The interesting thing about the crisis is how quickly events are moving, and how much they are being driven by sentiment at the grassroots level. The leaders at the very top, both in the EU and Denmark itself, are continually being forced to play catch-up. Prime Minister Anders Fogh Rasmussen is obviously hoping to salvage the European project and his future role in it — after all, what part could a Danish statesman play in post-Lisbon Europe, if Denmark is not a member of the grand enterprise?
Here’s what Jyllands-Posten had to say:
Danish Immigration Policy Capsized- - - - - - - - -
Prime Minister Anders Fogh Rasmussen (V) is without an answer to how he will maintain Denmark’s immigration policy after the ECJ rulings. Lawyers and Pia Kjærsgaard (DPP): The tough immigration policy is “capsized”.
Prime minister Anders Fogh Rasmussen (V) didn’t manage to remove the impression that Danish immigration policy is in crisis, when he returned back to the political scene after his summer vacation.
The ECJ have bit by bit dismantled the Danish mechanisms, which should have prevented that the possibility that the ECJ could be used to bypass the rules for family reunions — so much that both politicians and juridical experts calls the rules “undermined”, “capsized” and “hollowed out”.
Anders Fogh Rasmussen promised, that “Danish immigration policy stands steady. The Government will not sit idle while the Danish family reunion rules are being hollowed out by the back entrance.”
“Fogh owes an answer”
But he didn’t tell how he intends to do it, says Pia Kjærsgaard (DPP):
“Fogh owes an answer about what he intends to do to make sure that the immigration policy stays firm, which it isn’t at the moment. The immigration policy is capsized. It is simply the foundation in the tightened rules [as opposed to the immigration law of 1983 — Zonka] we’re talking about,” says Pia Kjærsgaard.
Go over to Zonka’s and read the rest.
1 comments:
Anders Fogh took great care not to offend his friends in EU, NATO and the Bilderberg group. That left us Danes quite dissatisfied...

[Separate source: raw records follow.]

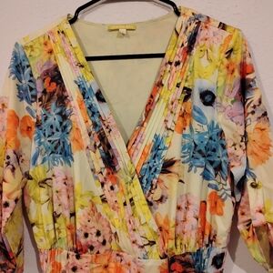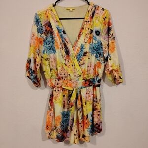 Gianni Bini Floral Pleated V Neck Romper. Size Small, good used condition. Quarter sleeve, waist tie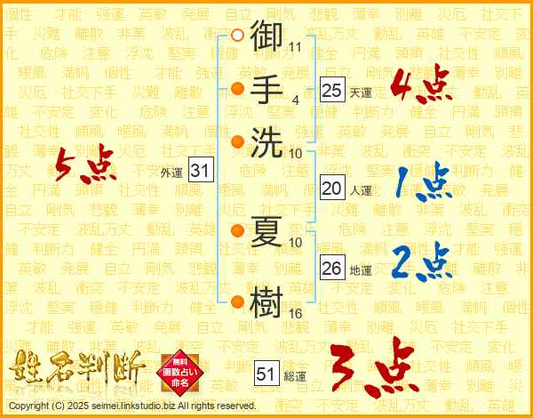 御(11画)手(4画)洗(10画) 夏(10画)樹(16画)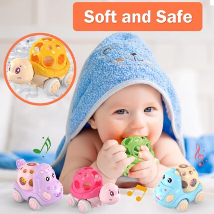 - The dinosaur vehicle is made of durable ABS material, which can withstand long-term use and rough gaming. Designed for infant with round edge design, no sharp parts, no small parts, providing your little baby with all-around protection. Perfect size for babies little hands to grip or push.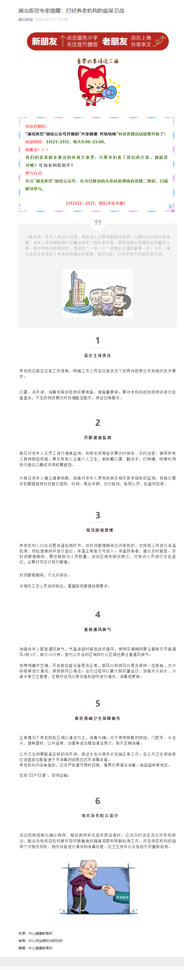 湖北疾控專家提醒:打好養老機構防疫保衛戰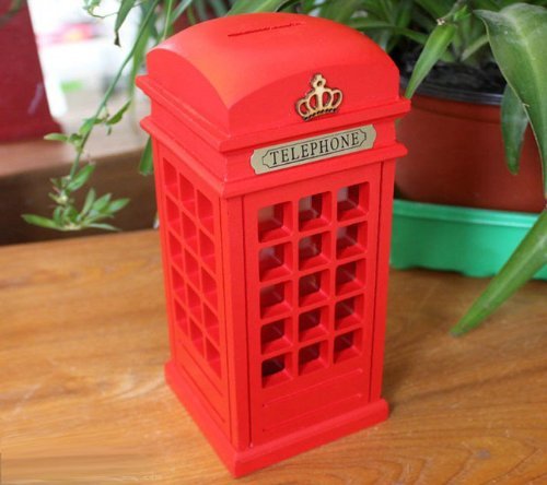 Beautiful and practical high-capacity piggy bank; Elegant British retro style, chic telephone booths modeling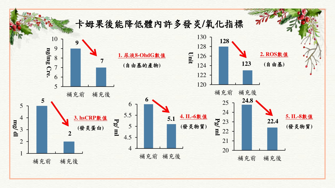 「卡姆果」是一種桃金孃科的常綠灌木,為生長在亞馬遜熱帶雨林河岸的灌木果實,因為含有超高含量的維生素C,更被當地人獲奉為「超級食物」,根據日本心臟專科團隊研究指出,卡姆果能夠降低體內許多發炎指標以及氧化指標,例如尿液8-OhdG數值(自由基產物)、ROS數值(自由基物質)、hsCRP數值(發炎物質)、IL-6數值(發炎物質)、IL-8數值(發炎物質),而這些數值都與人體健康息息相關,而在氧化壓力過高以及發炎物質過多情況下,就可能造成膚質明顯變差,甚至會有暗沉及皺紋產生,因此對於美白來說,卡姆果是不可或缺的要點之一!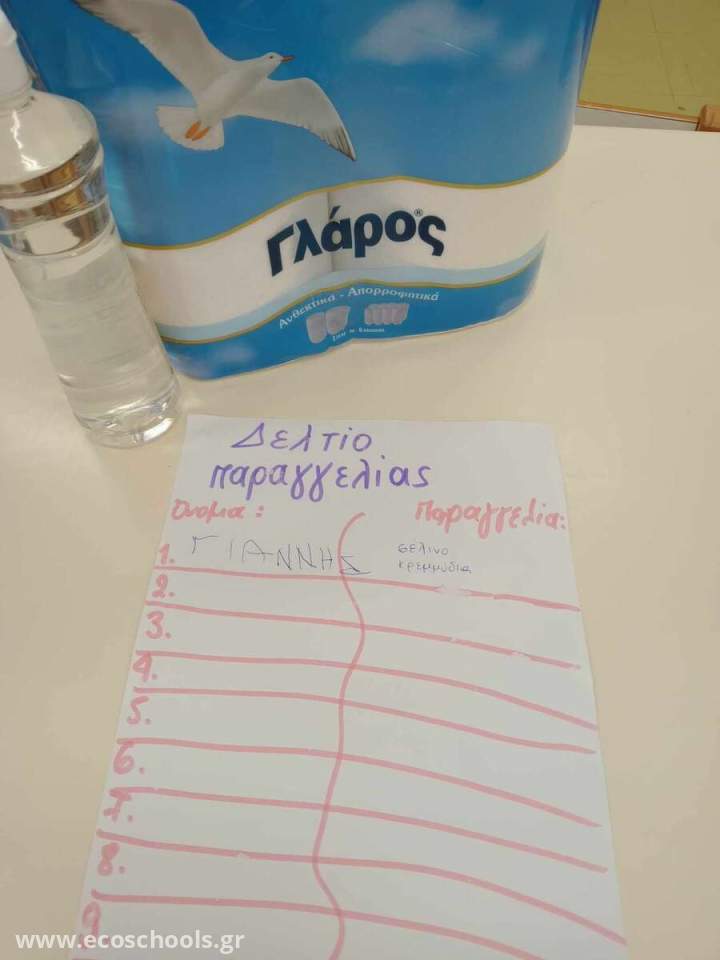 1. Γράψαμε το όνομα και την παραγγελία στο δελτίο παραγγελίας.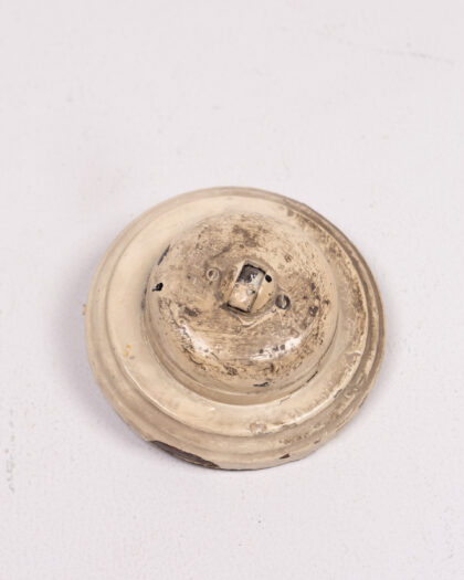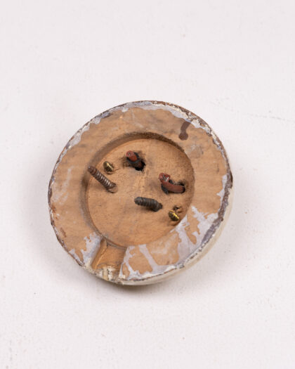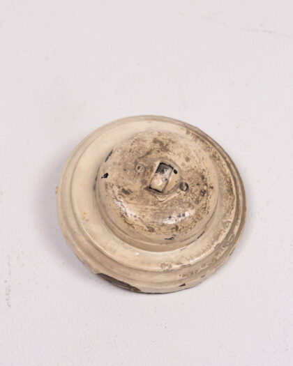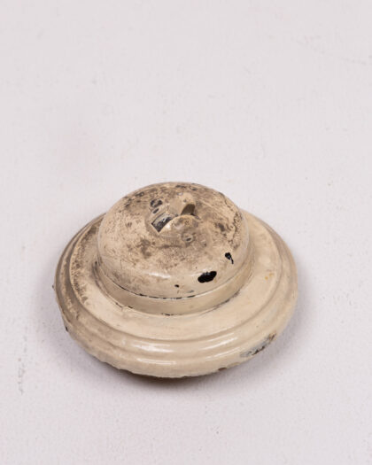 This is a vintage ceramic light switch cover, featuring a cream colour with an aged finish. The circular design has a raised centre. The cover displays signs of wear and patina that are consistent with its age, contributing to its vintage appeal. The back shows the mounting mechanism. Ideal for adding a touch of vintage charm to any room. Please see images for condition.

The statement I had been hoping for was something like:
The ruling from the ECJ violates one of our EU opt-outs and is thus obviously flawed. Danish law still rules supreme on the matter and shall continue to be applied while the legal experts of the EU and the ECJ figure out how to align their rules to that.
A clear message of defiance would have been awfully healthy. We didn't get that, and the crisis rolls on.